The campaign to crack down on Wall Street bonuses was dealt a serious intellectual blow today when the winner of the 2006 Nobel prize in economics described attempts to blame misaligned compensation incentives for the financial crisis as “the most profound fallacy.”
Edmund Phelps wrote a piece critical of neoclassical and Keynesian responses to the financial crisis for the Financial Times today. It’s a great takedown of both schools from a Hayekian perspective. But it concludes by delivering a hammer blow to those who want to blame the financial disaster on bonuses.
The most profound fallacy is the newfangled idea that misalignment of incentives in banks caused the housing bubble – a bubble that, when it burst, shook the economy to its foundations. All can agree that increased lending and building ran into the awkward fact that costs increase when production is stepped up. On that account, prices sought a higher level. But that analysis does not capture the steep four-year climb in housing prices, which rose by more than 60 per cent.

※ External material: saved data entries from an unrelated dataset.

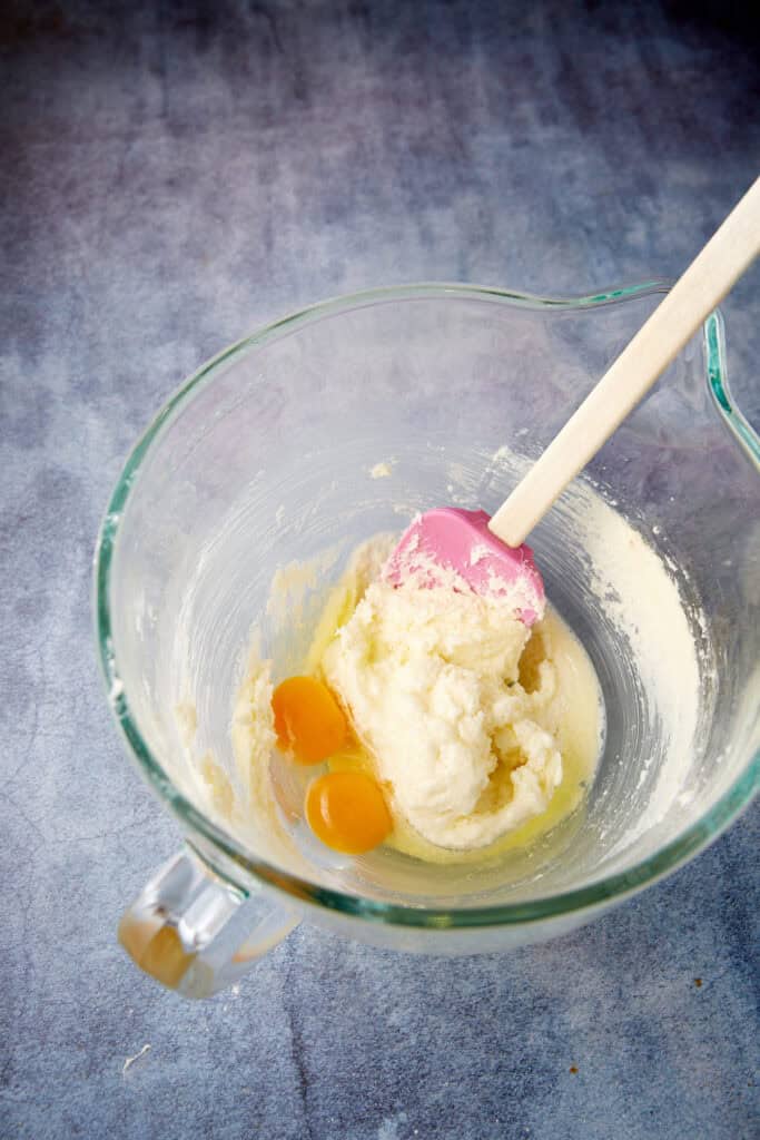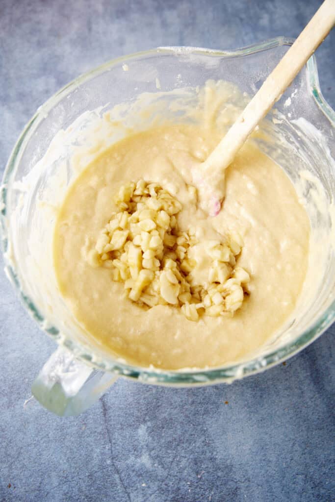 - In a separate bowl beat 4 eggs with 1 ½ cups sugar until it is thick and a pale yellow, about 2-3 minutes. Fold the egg mixture into the batter. Fold chopped bananas into the batter. The batter will be lumpy
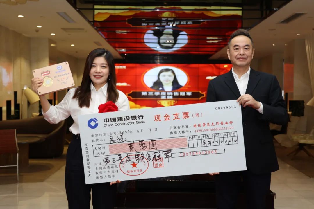 圖 | 董事長(zhǎng)洪宇為孟嬈頒發(fā)第三季度銷售冠軍獎(jiǎng)
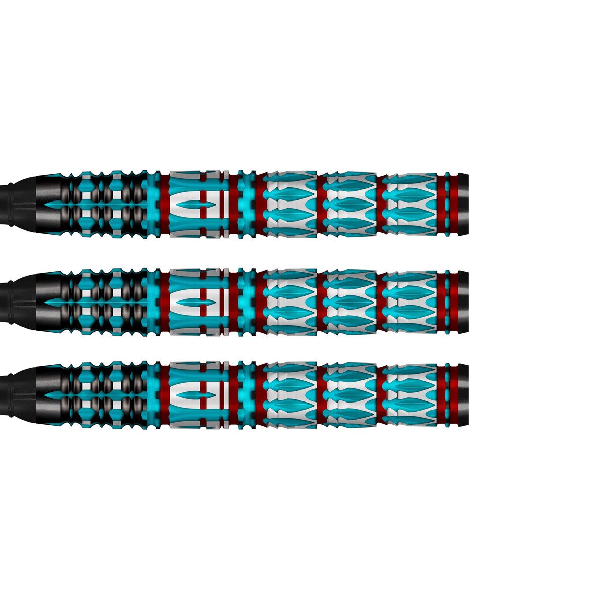 This premium 95% tungsten, missile-shaped dart set is expertly tapered, flying true whether thrown fast as a bolt or in a soaring arc. Inspired by dragon scales, the tail grip is storm forged from a fusion of advanced milling techniques. At the midsection, the knight’s blazing face shield glows brilliantly in red and turquoise, carved into tungsten with parametric milling paths. Up front, a tapered nose cut with alternating flat and spiked rings echoes a lance wrapped in thorns — the final strike of force and control.
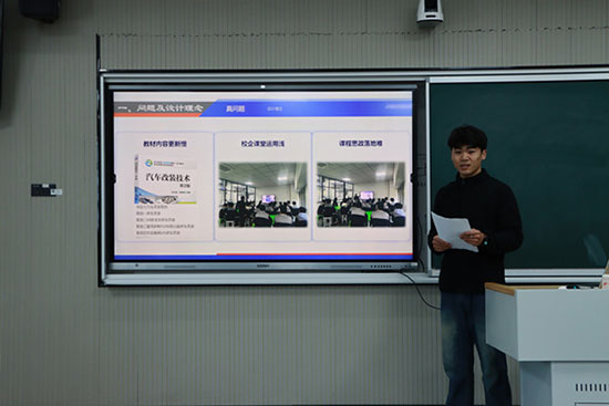 在教學(xué)能力大賽現(xiàn)場,參賽團(tuán)隊(duì)借助精心制作的 PPT,深入且全面地闡述教學(xué)實(shí)施報(bào)告思路。他們從別具匠心的教學(xué)策略切入,生動展現(xiàn)如何依據(jù)教學(xué)目標(biāo)與學(xué)生特點(diǎn),制定獨(dú)特有效的教學(xué)方案;隨后有條不紊地?cái)⑹鼋虒W(xué)過程,呈現(xiàn)課堂互動與知識傳授的精彩瞬間;最后以詳實(shí)的數(shù)據(jù)和案例,展示顯著的教學(xué)效果,全方位彰顯實(shí)際教學(xué)能力,為評委們呈現(xiàn)出一幕幕鮮活的教學(xué)實(shí)踐圖景。
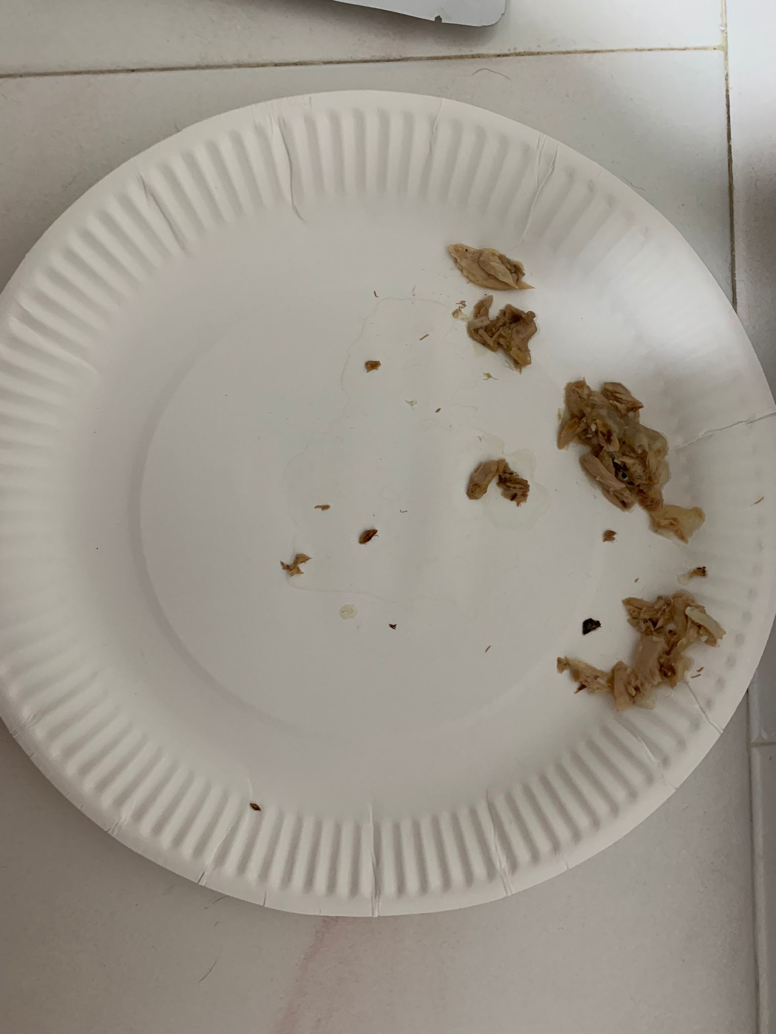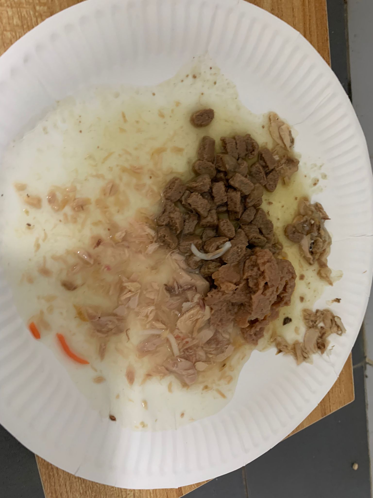 Food plate cleared. Sleep in basin. Got poo 5.5/10. serve tuna w chicken ham 1/4 and diabetic pouch 1/2 – he eat.

To account for so large an increase, we have to recognise that expectations played a role. Speculators appear to have expected that housing prices would go sky-high, so prices took off and then went on climbing in anticipation that those high prices were getting closer. The banks, seeing the houses offered as collateral were worth more and more, responded by supplying an increasing flow of mortgage loans.

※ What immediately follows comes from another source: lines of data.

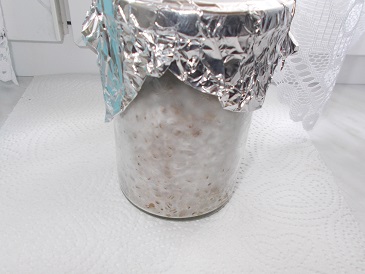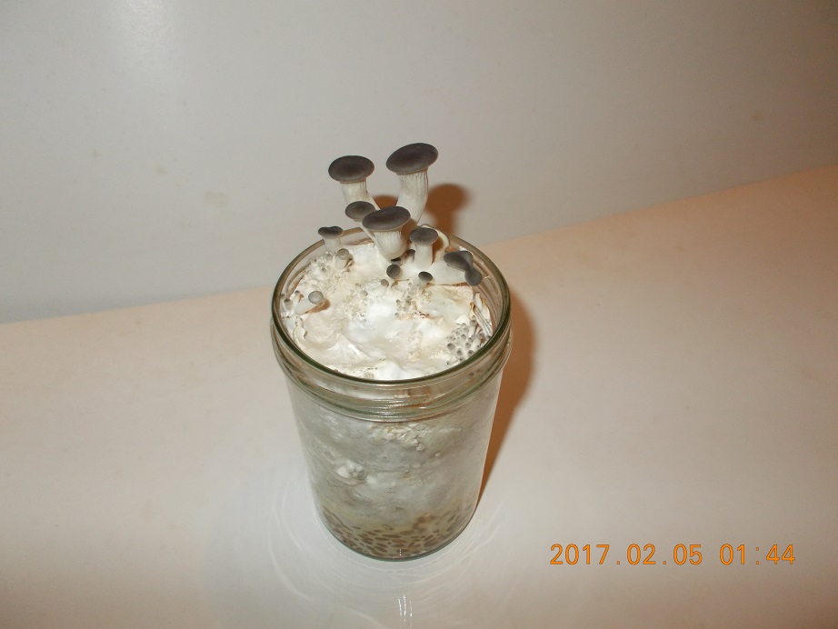 ja das ist ein glas mit körnerbrut angefüttert mit Strohpellets der Kräuterseitling fruchtet überall bekomm ihn nich mehr raus passiert mit öfter habe auch gläser mit austern wo das so is aber schmecken trotzdem
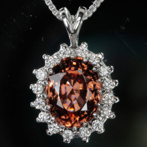 Ladies' 14k white gold imperial zircon pendant, with one oval imperial zircon from Tanzania measuring 9.5 mm wide, 12.5 mm long, and 6.4 mm deep, weighing 8.08 carats. The zircon is set in a 14k white gold 6 prongs cast in mtg. Zircon has been enhance by heating. In addition, there are sixteen prong set round brilliant cut diamonds, F-G color, SI1-VS2 clarity, with a total weight of .43 carat. The pendant weighs 4.62 grams. Our register #4zi1085
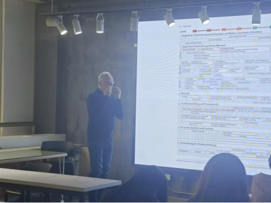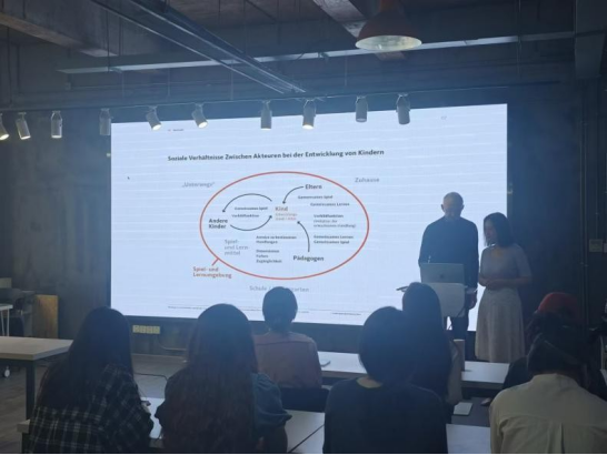 Papenfuss教授讲述了儿童在成长不同阶段关于绘画和写作的认知发展、运动功能和系统、游戏和学习的形式的特点。程文婷教授为了听众能更好理解,讲述了儿童在"玩中学"的例子,并分析了儿童在不同成长阶段的特性。

From this viewpoint, speculation drove the crisis. Misaligned incentives were not sufficient to do it – and not necessary either. Bubbles long predate bonuses. The crisis could have happened with a 1950s financial sector. The lesson the crisis teaches, though it is not yet grasped, is that there is no magic in the market: the expectations underlying asset prices cannot be “rational” relative to some known and agreed model since there is no such model.